Building Your Safety Net

Restlessness and complacency are twin rivals of the human psyche. Carl Jung  

We are complicated individuals with dualities striving for fulfillment.  Here are some thoughts on being whole, complete, real, united and living/walking in congruency with our true self. 

Accept who you are now and grow into whom you want to become. Give up the fairy tail world of “Someday I’ll…” Wishing and dreaming are not enough. Such irrational thinking sees self as whole and complete. It takes out the temptations and struggles of today’s reality. Get in touch with your humanness, accept help and guidance and develop your latent strengths.

Monitor your growth. Set a benchmark to focus on and keep track of day-to-day progress. For example, studies show that weight loss is twice as effective for those who record their food intake as those who do not. Monitored activity or thoughts makes reality more visible, whereas non-measured activity lends to error.

Give up trying (low energy) and go with doing (high energy). Look at how far you have come “since when” and embrace where you are now. Trying embraces struggle whereas doing releases ideas, energy and results.  Success in small increments ups the ante to keep on keeping on. 

Change your playground and your playmates.  The body is a remarkable instrument that wants to heal itself.  The cells in the body have only two positions: closed for protection and open for growth.  Glucose is a willpower enforcer that is released into the blood stream in nurturing environments. Glucose “willpower” is constricted in hostile, not-good-for-you settings.  Consider who is good for you and hang around them. Get honest with who/what is not good for you and limit exposure.

Change is invigorating to soul, mind, body and spirit. Like most things, habits are both good and not so good.  The habit that propels you to brush your teeth is great, not so much the one that unthinkingly reaches for the cigarettes. When surroundings are the same, so too are ingrained habits. A slight change in your environment can cause you to re-think.  Replace junk food with fruits and vegetables. Put interesting reading material on top of the TV remote. Keep dumbbells in an accessible spot for impromptu strength training.  Every time you chose a positive move, consciously tell yourself you are brain-training your mind.
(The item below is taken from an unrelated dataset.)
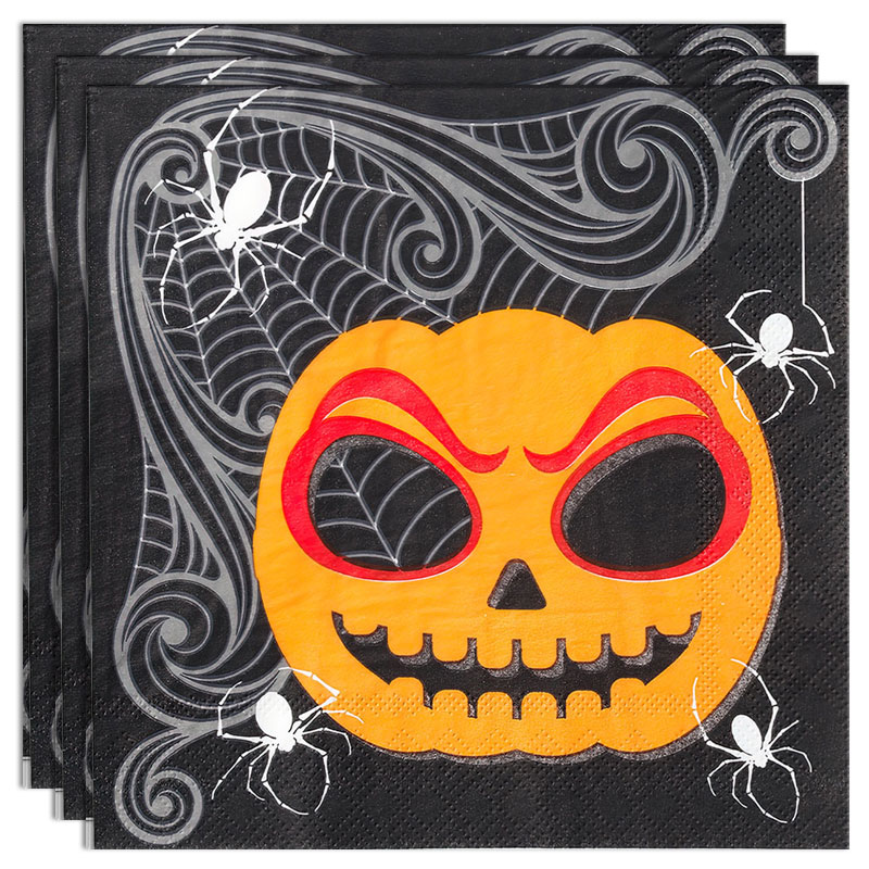 En ultimat halloweendukning kräver också sina servetter, och vad passar bättre än en lömsk pumpa i klassisk Halloween manér? Dessa Halloween servetter blir ett kul och enkelt pynt, en lagom skrämmande dekoration för en läskigt skojig Halloween fest. Maxa firandet med andra läskiga Halloween dekorationer, för ett riktigt halloween firande!
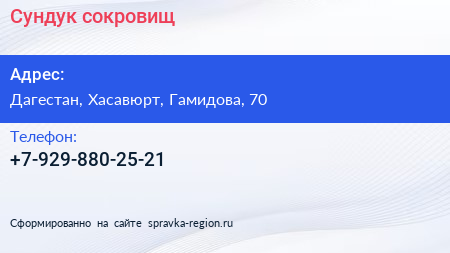 Сундук сокровищ по адресу Дагестан, Хасавюрт, Гамидова, 70 в дальнейшем Организация, размещена в следующих категориях:

Believe it and see it.  Everything is created twice, first in the mind and then in reality. Athletes who visualize overcoming an obstacle win hands down over the also-rans who tried to do their best. Anticipate challenges and see yourself succeeding anyway. Practice graciously yet boldly saying “No, thank you” to those tempting offers that are sure to come.

There is strength in numbers. Align yourself with people who embody the character qualities you want to develop. Get involved with wholesome groups like church, sports and mentors.  Hang around those who encourage you, support you and cheer you on.

Be kind and patient. Beating yourself up serves no worthwhile purpose whereas self-compassion - especially in light of setbacks - leads to self-control and a do-over motivation. Refuse to indulge in the vicious cycle of error, guilt, condemnation and greater error. Self-forgiveness sets you up to focus on what you really want,  who you really are and whom you really can become. 

Watch your self-talk directed at others. Judging, condemning and criticizing others turns them into your enemy whether they are or not.  We need community. The person you judge as self-righteous may be dealing with his own demons in a different manner than you. Just maybe what you see as nagging is a mishandled way of encouragement. Suppose they (mom, mate, co-worker, authority) see the real possibilities within you and - out of frustration -tries to force you into being you. With the reciprocity of life such as it is your extending compassion to him comes back to you.

Don't Cope. Overcome. Walking a high wire needs a safety net.  So does life.  The good news is that with a self-balancer in hand, it requires less and less effort to stay aright. A setback does not mean failure. What counts is how you recover. Get up, dust yourself off and get right back on track.  It’s worth it.